Before I give you the answer to that question, let’s take a look at how exercise in general helps us to lose weight. In a 24 hour period you have calories that you take in by eating and/or drinking them. You also have calories that you burn. When we compare the calories you took in to the calories you burned we see that you either:

Took in the same calories as you burned (in this case your weight remains the same)

Took in MORE calories than you burned (in this case you gained weight)

Or you

Burned MORE calories than you took in (in this case you lost weight)

Looking at this equation you can see the importance of burning calories at a high level.

Next let’s look at what goes into the total number of calories you burn per day.

Here’s the breakdown

60% of the calories you burn come from  your RMR (resting metabolic rate)

32% from your activity

8% from the thermic effect of food

So does exercise effect any of these?? Of course!

The thermic effect of food is the temporary increase in metabolism after you eat.  Exercise won’t effect this.

But what about RMR?  RMR is the number of calories your body needs to function if it was at rest.  Lots of factors go into your individual RMR.  For example, your age and your sex.

The good news is that the more muscle you have, the higher the RMR.

And how much muscle you have can definitely be influenced by your exercise habits.

The last factor is your activity level.  This means how many calories do you burn for the activity that you do.  This includes anything from standing up while washing dishes, walking the dog, or going on a 5 mile run.  The higher this number is, the better.

It’s clear from this that the perfect exercise to lose weight needs to create a high calorie burn but also build muscle.  The more muscle you have, the more efficient calorie burning machine you are.

So let’s go back to Angela and think about her frustration with walking. Walking falls short because it does not build muscle and the calorie burn is low compared to many other activities like jogging, biking, taking a kickboxing class or a Zumba class.  Walking is absolutely better than nothing! I’m not saying that walking is bad per se.  I’m just saying that if you are walking consistently and not seeing any change on the scale I am not surprised.

What happens when you walk pretty much the same rate and the same distance all the time is that your body adjusts and gets conditioned to this work load. Eventually, it doesn’t even have to work hard to complete it.
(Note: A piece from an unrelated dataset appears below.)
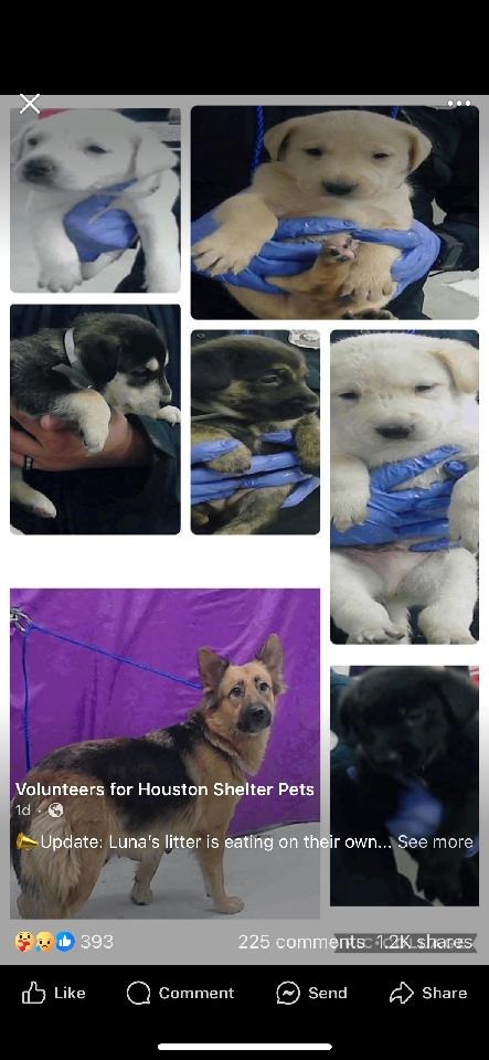 Luna and her 6 babies found themselves dumped in the high kill shelter, BARC Houston, before Christmas. They were all scheduled to be euthanized when I saw the plea from volunteers and advocates to save their lives. Legends of The Paws didn't hesitate to jump in to save them. With the help of our local transporter Judy Hausler we were able to get them to safety at Ruff Tales Boarding and Training where Oscar and his team are taking very good care of them. They will need to be vetted before being ready for adoption. We are asking for help in covering boarding, food and vetting. A very generous donor has made a donation that will cover future transportation to adopters.

Don’t expect to see great changes in your body if walking is your only exercise.

So what is the best exercise for weight loss?  Studies show that high intensity interval training or HIIT is the best for building muscle and creating a lasting calorie burn.  Some call it the afterburn.  Afterburn is when you continue to burn calories even AFTER you have stopped the exercise.  Some studies show that after certain HIIT workouts the body continues to burn calories at an elevated rate for 24 hours! That’s something everyone wants, huh?

What is HIIT?

HIIT is defined as a short, quick burst of work followed by an even shorter rest.  And the exercise is repeated 4 or 8 times before moving on to the next exercise.  Here’s an example:

20 seconds of jumping jacks

10 second rest

Repeat 8 times

20 seconds of squat jumps

10 second rest

Repeat 8 times

And so on…

That 20 seconds is fast and furious, not moderately paced.  The goal is to reach 80-85% of your maximum heart rate in that 20 seconds.  In the rest time, heart rate shouldn’t go below 60% maximum heart rate or you’ll lose some of the benefit.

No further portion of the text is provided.